INFORMATION PROVIDED:

****

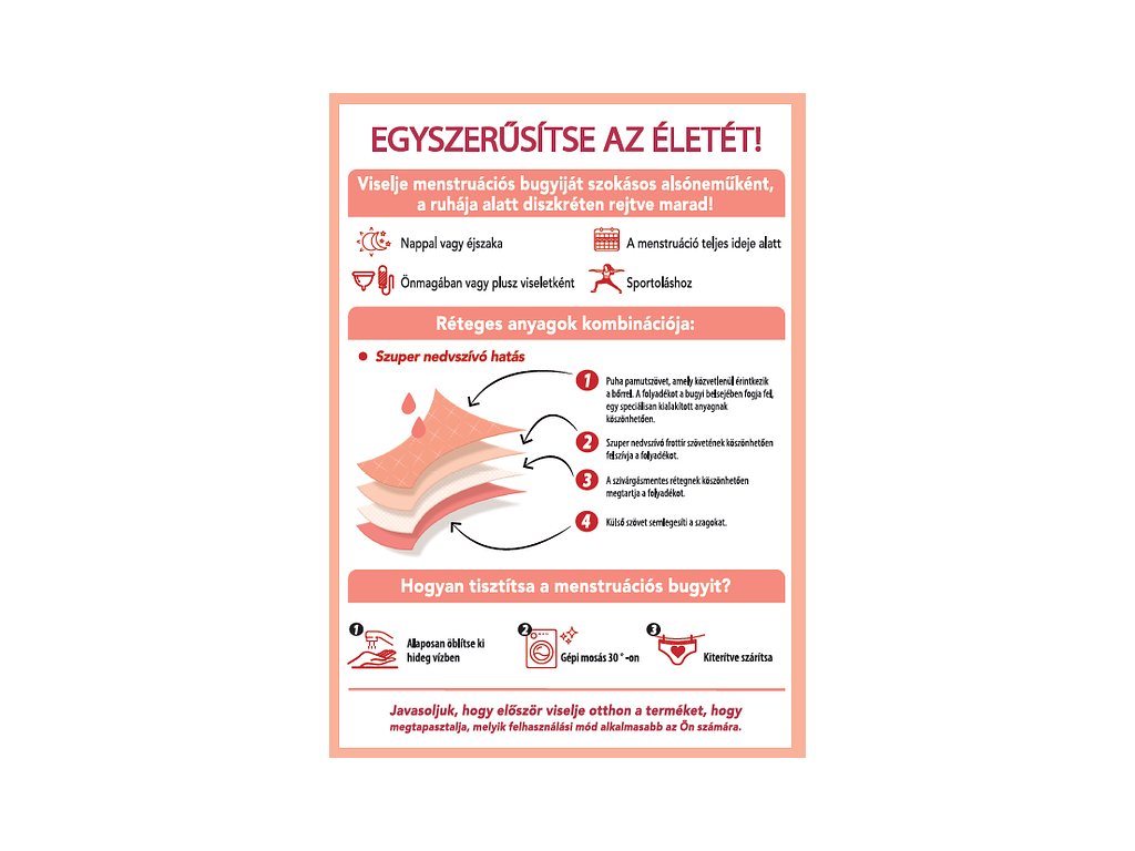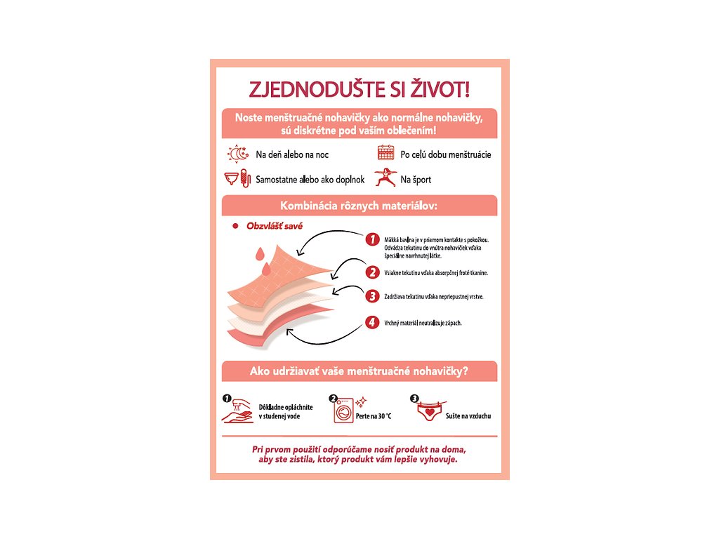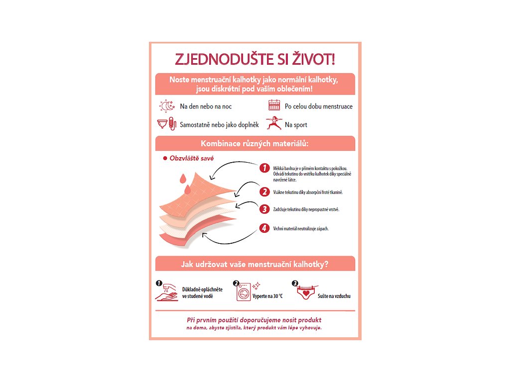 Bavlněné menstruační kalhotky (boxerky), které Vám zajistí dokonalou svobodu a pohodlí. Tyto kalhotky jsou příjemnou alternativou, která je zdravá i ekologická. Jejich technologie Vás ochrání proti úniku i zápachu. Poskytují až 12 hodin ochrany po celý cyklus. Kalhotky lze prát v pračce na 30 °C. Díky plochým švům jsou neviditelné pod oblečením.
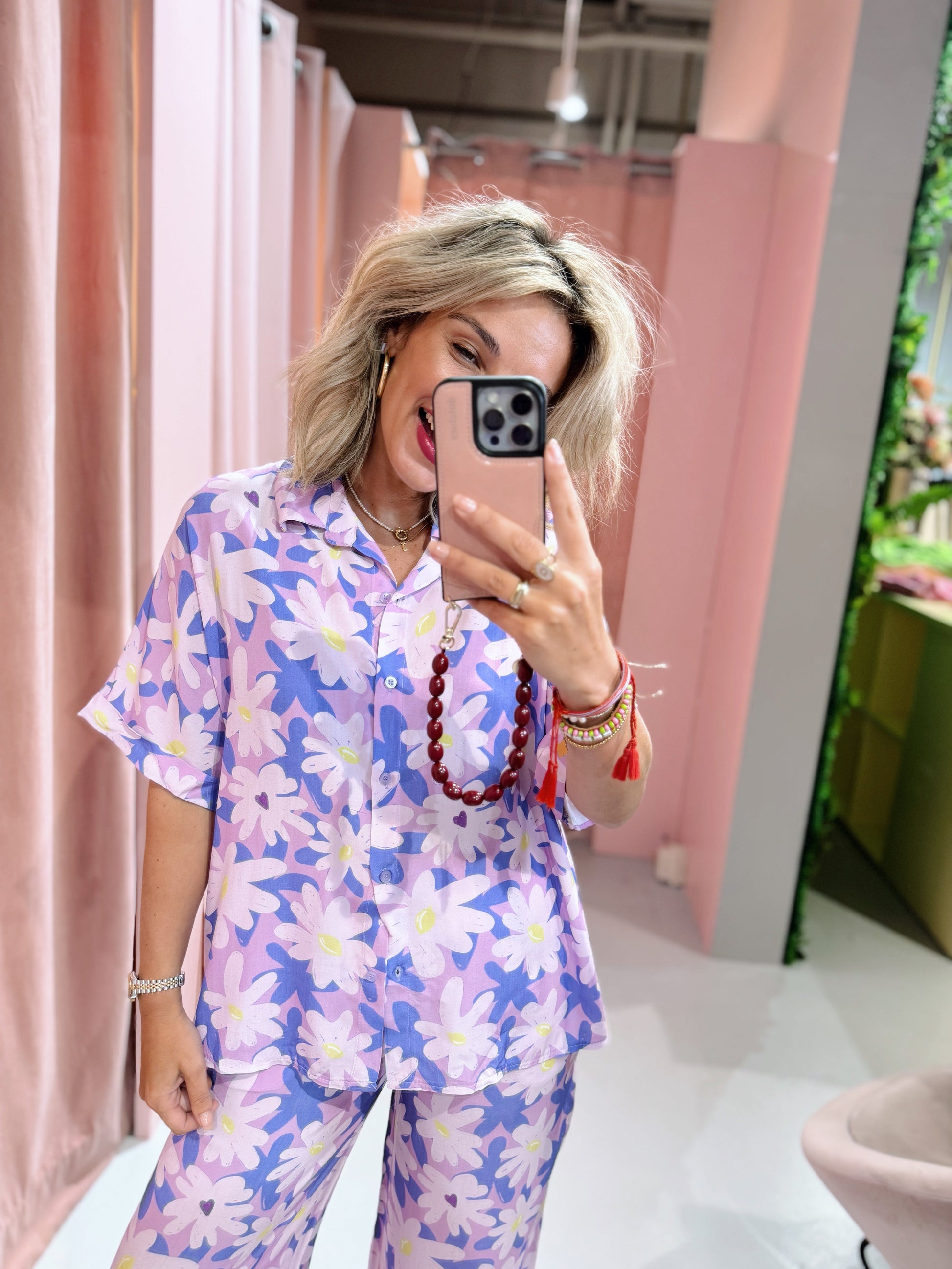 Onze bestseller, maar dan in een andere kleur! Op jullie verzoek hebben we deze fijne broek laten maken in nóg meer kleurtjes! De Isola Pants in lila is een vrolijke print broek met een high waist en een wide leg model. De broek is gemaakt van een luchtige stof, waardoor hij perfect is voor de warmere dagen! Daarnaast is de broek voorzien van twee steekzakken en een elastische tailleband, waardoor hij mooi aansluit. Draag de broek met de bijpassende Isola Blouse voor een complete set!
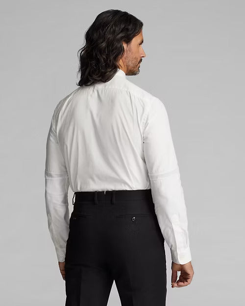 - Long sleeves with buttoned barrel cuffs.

****

WORK TASK: Print the listing word for word, but omit the pictures.

TASK OUTPUT:
 Bavlněné menstruační kalhotky (boxerky), které Vám zajistí dokonalou svobodu a pohodlí. Tyto kalhotky jsou příjemnou alternativou, která je zdravá i ekologická. Jejich technologie Vás ochrání proti úniku i zápachu. Poskytují až 12 hodin ochrany po celý cyklus. Kalhotky lze prát v pračce na 30 °C. Díky plochým švům jsou neviditelné pod oblečením.
 Onze bestseller, maar dan in een andere kleur! Op jullie verzoek hebben we deze fijne broek laten maken in nóg meer kleurtjes! De Isola Pants in lila is een vrolijke print broek met een high waist en een wide leg model. De broek is gemaakt van een luchtige stof, waardoor hij perfect is voor de warmere dagen! Daarnaast is de broek voorzien van twee steekzakken en een elastische tailleband, waardoor hij mooi aansluit. Draag de broek met de bijpassende Isola Blouse voor een complete set!
 - Long sleeves with buttoned barrel cuffs.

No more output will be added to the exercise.